Entre les troncs phalliques du générique se déroule donc une battue bienvenue,
en dépit d’une baston de mecton teuton à faire frétiller les furies féministes,
de partisans patibulaires et en plein air portés sur la torture à pied ainsi
que sur le viol collectif, de quoi faire frémir ou confirmer les pires craintes
des critiques précitées. Avant que le rural patriarcat ne vienne reprendre de
force ses droits, écarter à plusieurs, dans la bonne humeur, les cuisses de la surprise
« putain », coupable de « proximité », sinon de
promiscuité, avec un ennemi de tous ses accessoires de mouroir au fur et à
mesure démuni (sleeping with the enemy
résume l’anglais, CQFD), le couple improbable, in extremis accouplé, taille vaille que vaille une route de
déroute, en ligne droite patraque, dépourvue d’issue et de délicieux demi-tour,
mon amour. La charrette transporte un mec à moitié fantôme, qui crache sur
l’Ukraine, tous les autres « trous du cul du monde » immonde, sur son
médecin incertain qui, quelle ironie, ressemble en sus à un « Juif »

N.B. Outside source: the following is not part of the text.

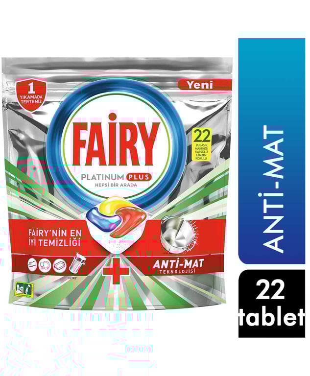Yeni gibi tertemiz bulaşıklar için, Fairy Platinum Plus’ı deneyin. Fairy'ın en inatçı yemek kirlerini temizleme özelliği bulaşıklarınızı yeni gibi tertemiz yapar. Fairy Platinum Plus bulaşık makinesi kapsülleri sadece inatçı yemek kalıntılarını parçalamakla kalmaz, aynı zamanda, zamanla oluşan matlığı da gidermenize yardımcı olur ve böylece bulaşıklarınıza gerçek parlaklığını geri kazandırır. Hepsi bir arada etkiye sahip Fairy Platinum Plus bulaşık makinesi kapsülleri düşük sıcaklıklarda bile hızlı çözünür. Kısa programlı yıkamada kullanılabilir ve hepsi bir arada durulama yardımı ve tuz fonksiyonu, gümüş ve cam koruma ile birlikte sunulur. Matlaşma giderici özel formülüyle bulaşıklarınıza eski parlaklıklarını geri kazandıran Fairy Platinum Plus Bulaşık Makinesi Kapsülü, çok yönlü etkiye sahip güçlü formülüyle en zorlu lekeleri tek yıkamada çıkarır ve bulaşıklarınızda kusursuz hijyen sağlar, kalıntı ve iz bırakmadan temizler.

selon lui ! De l’adversité sexuée à la trêve sexuelle, il suffit d’un brin et
d’un lit de foin, puisque la carriole pas drôle soudain se transforme,
jusqu’alors corbillard à la conductrice en noir, ersatz d’occase, nazi et
diminué, de nativité délocalisée, au jésus geignard. Tandis que des chevreuils
s’aperçoivent depuis le roulant cercueil, qu’une colonne de prisonniers en
uniforme sent la fin et le sapin parmi la masse d’arbres spectrale, calligraphiée
en contre-plongée, l’héroïne mutique et magnanime agit en stratège, incapable
de commettre l’ultime sacrilège, le Notre Père ne résiste à la mère étrangère
et familière. Cadrée au cordeau, dotée de travellings
millimétrés, ponctuée par contraste d’une musique classique anachronique,
malsaine d’être sereine, cette curiosité restaurée mérite d’être redécouverte
en ligne, à domicile, exercice de style à la fois cruel et fraternel, vilain
rêve joliment filmé, constamment séduisant malgré sa densité et sa durée
limitées. Le cinéaste, attentif aux paysages, aux visages, aux rejets, aux
objets, mention spéciale à une hache cruciale, escorté d’un DP doué, d’un beau
duo de bref mélo, signe en définitive une mineure réussite, propice à consoler
de l’interminable médiocrité aujourd’hui en salle déversée, conflit point fini,
celui-ci, entre la nouveauté, le réchauffé, la mélancolie et l’ennui, le ciné
et la TV, encore les morts et la vie…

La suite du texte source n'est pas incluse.